Supplied material ▸

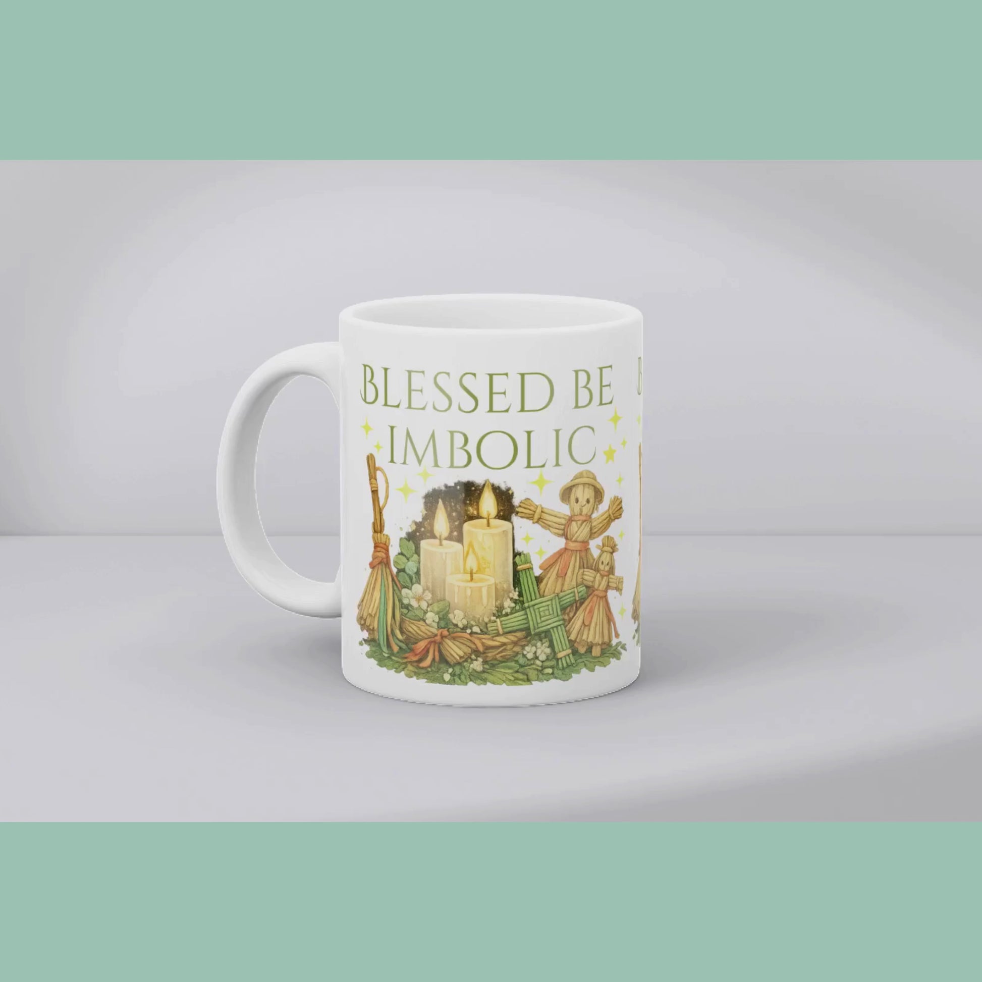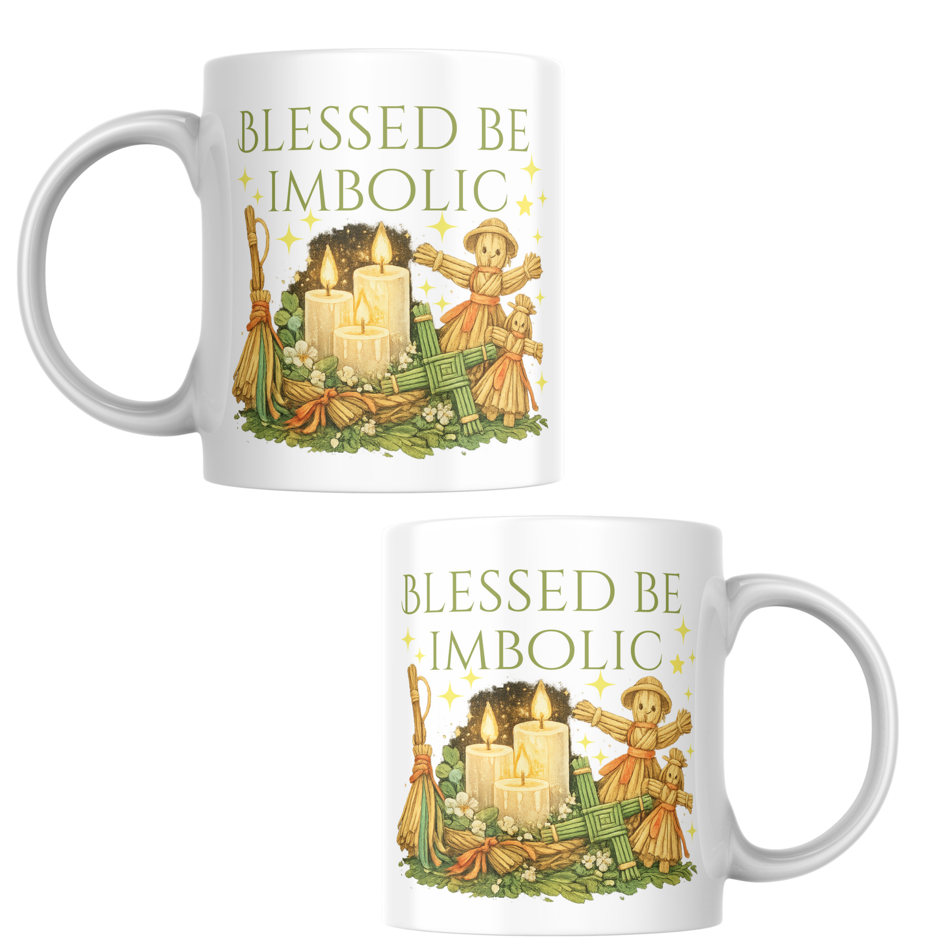 Welcome the season of light, renewal, and gentle warmth with this beautiful “Blessed Be Imbolic” mug. Featuring traditional Imbolic symbols—St. Brigid’s cross, corn dolls, white candles, fresh greenery, and a straw broom—this design honors the sacred turning of the Wheel with a soft, earthy palette and glowing golden accents.
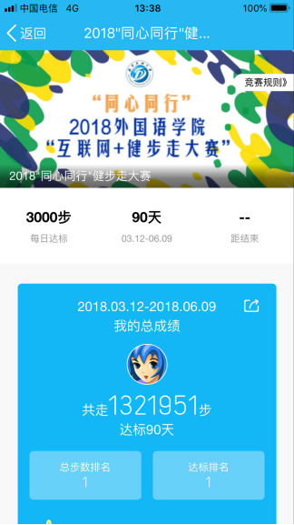 从比赛结束的赛果来看,50%以上的教职工完成了超过50万步,平均每日超过5000步的成绩。黄丽老师更是以1321951步的总成绩,连续90天,日均15000步的成绩荣登榜首!
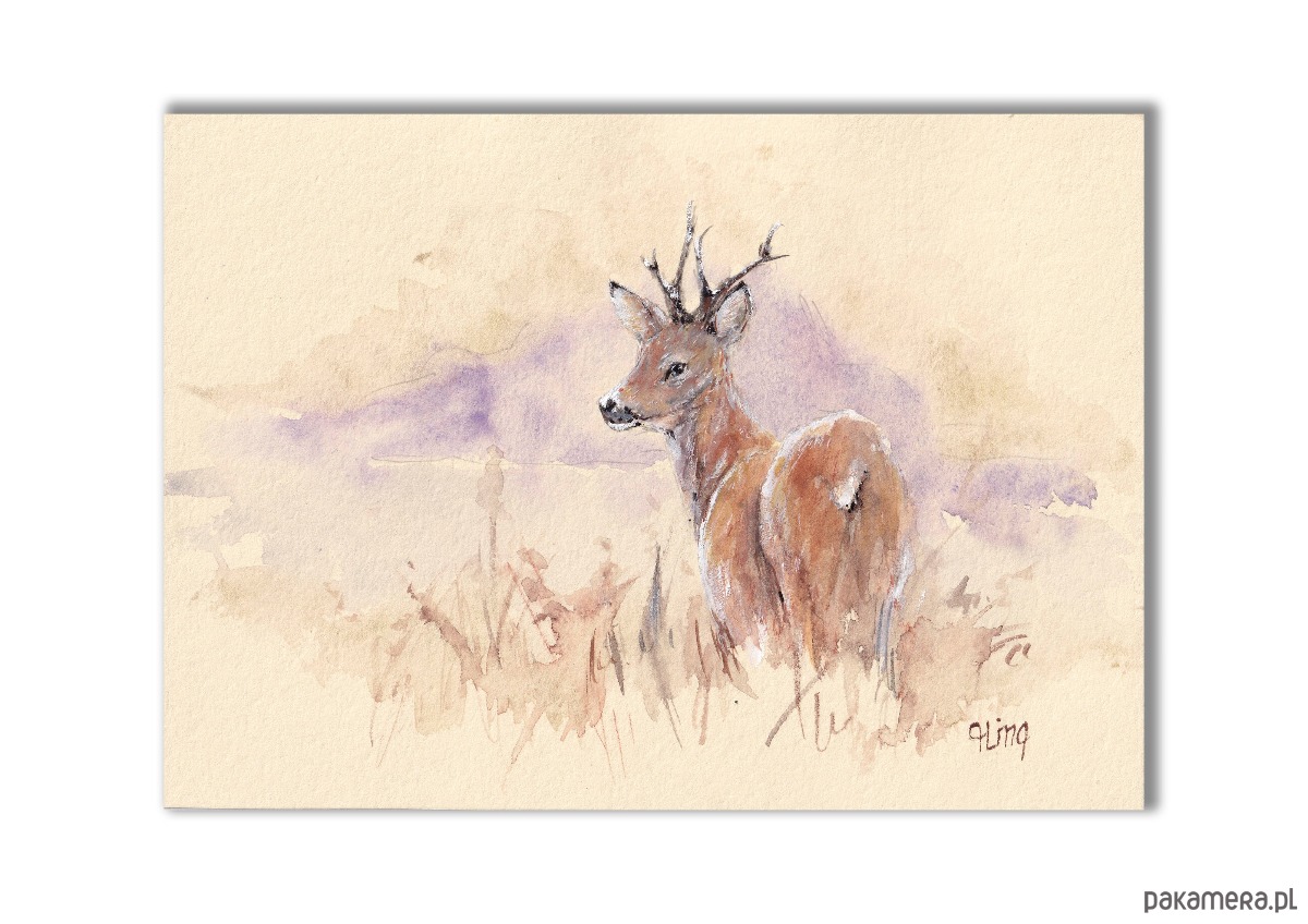 Akwarela ręcznie malowana, wykonana farbami akwarelowymi znanych producentów; na wysokogatunkowym 300g papierze (14,5 x 20cm).
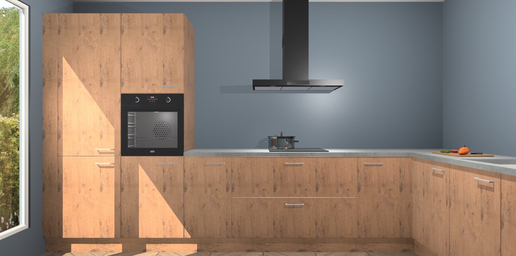 Met een modern, tijdloos design en ruime opslagruimte, zult u zich in no-time thuis voelen in uw nieuwe keuken. Uw leven wordt eenvoudiger met de soft-close deuren die voor het ultieme stille comfort zorgen - geen geluid dat u stoort terwijl u kookt. Ook is de keuken voorzien van 5 ingebouwde apparaten: een oven, inductie kookplaat, afzuigkap, vaatwasser en koelkast. Deze kunnen gemakkelijk na bestelling worden bijgewerkt naar AEG - waardoor uw luxe ervaring compleet is.
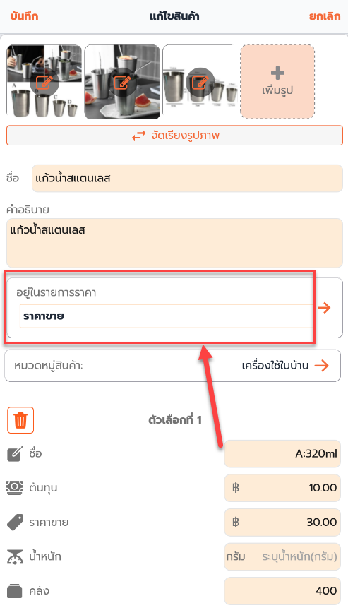 4. เมื่อย้อนกลับมาหน้าแก้ไขสินค้า จะเห็น รายการราคาที่กำหนดไว้ สามารถระบุแต่ราคา ที่ต้องการได้เลย
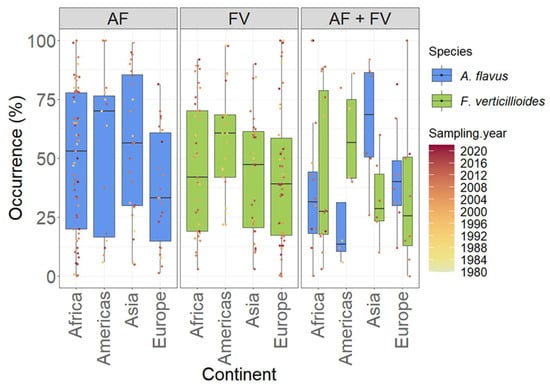 Boxplots show the percentage of contaminated maize samples with A. flavus, F. verticillioides, and both fungi in survey studies from Africa, the Americas, Asia, and Europe. The data points are colored according to the year of sampling.
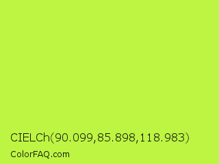 CIELCh 90.099,85.898,118.983 Color is a light lime color and the nearest color is Green Yellow #adff2f. Hex code #bdf542 and RGB value is rgb(189,245,66). In RGB color space, this color is composed of 74% red, 96% green, 26% blue, In CMYK color space, this color is composed of 23% cyan, 0% magenta, 73% yellow , 4% black , In HSL color space, this color has a hue angle of 79° , 90% saturation and 61% lightness.
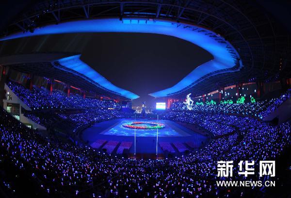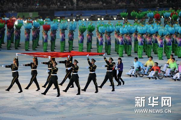 12月12日,2010年亚残运会开幕式在广州举行。这是开幕式前的倒计时表演《奔跑》。 新华社记者韩传号摄
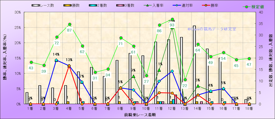 前騎乗レース着順別成績(近300騎乗) |
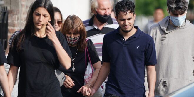 Los restos del kiosquero Roberto Sabo (48), asesinado a balazos el domingo pasado, durante un robo en su comercio, eran velados esta martes en una cochería del partido de Morón. A poco más de dos horas de comenzada la despedida, Pedro y Nicolás, el padre y uno de los hijos de la víctima, hablaron con la prensa, y se fundieron un abrazo lleno de tristeza y emoción. Luego, el joven de 25 años, acompañado de su hermano menor, Tomás, le dejó un duro mensaje a Alberto Fernández: “No creo que pueda mirarme a los ojos”.
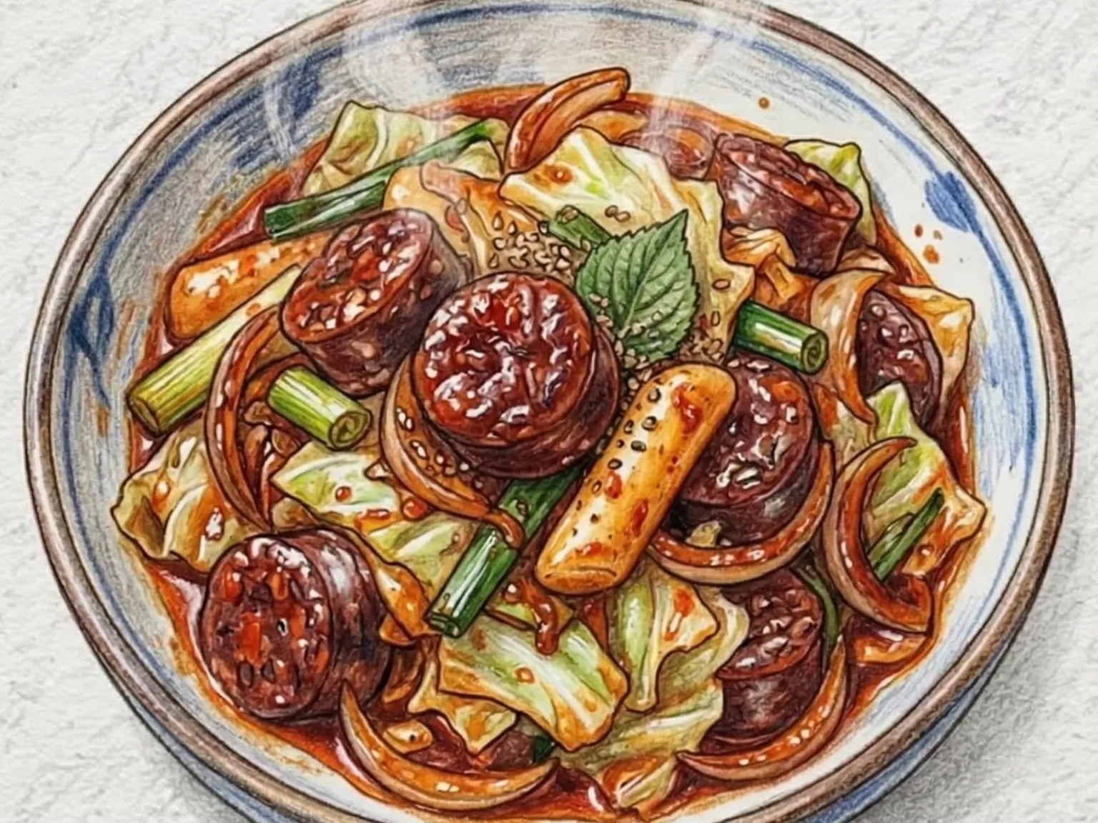 スンデ炒めは、スンデをキャベツ、玉ねぎ、長ねぎと一緒にコチュジャン、粉唐辛子、醤油、砂糖、にんにくで作ったタレで強火で素早く炒める粉食です。スンデは長く炒めると硬くなるため、強火で短時間のうちにタレを絡めるのがポイントです。キャベツと玉ねぎが熱でしんなりしながら水分を出し、タレが具材全体に均一に広がります。コチュジャンの直接的な辛味の上に粉唐辛子のほのかな辛味と砂糖の甘味が重なり、複合的な味わいを作り出します。長ねぎを最後に加えて香りを添え、トッポッキ用の餅を一緒に入れるとトッスニ(餅スンデ)にアレンジできます。

Task objective ▸ Extract, character for character, every line from the one that holds "前騎乗レース着順別成績(近300騎乗) |" through the end of the entries above. Include both boundary lines and no pictures.

Reply ▸
 前騎乗レース着順別成績(近300騎乗) |
 Los restos del kiosquero Roberto Sabo (48), asesinado a balazos el domingo pasado, durante un robo en su comercio, eran velados esta martes en una cochería del partido de Morón. A poco más de dos horas de comenzada la despedida, Pedro y Nicolás, el padre y uno de los hijos de la víctima, hablaron con la prensa, y se fundieron un abrazo lleno de tristeza y emoción. Luego, el joven de 25 años, acompañado de su hermano menor, Tomás, le dejó un duro mensaje a Alberto Fernández: “No creo que pueda mirarme a los ojos”.
 スンデ炒めは、スンデをキャベツ、玉ねぎ、長ねぎと一緒にコチュジャン、粉唐辛子、醤油、砂糖、にんにくで作ったタレで強火で素早く炒める粉食です。スンデは長く炒めると硬くなるため、強火で短時間のうちにタレを絡めるのがポイントです。キャベツと玉ねぎが熱でしんなりしながら水分を出し、タレが具材全体に均一に広がります。コチュジャンの直接的な辛味の上に粉唐辛子のほのかな辛味と砂糖の甘味が重なり、複合的な味わいを作り出します。長ねぎを最後に加えて香りを添え、トッポッキ用の餅を一緒に入れるとトッスニ(餅スンデ)にアレンジできます。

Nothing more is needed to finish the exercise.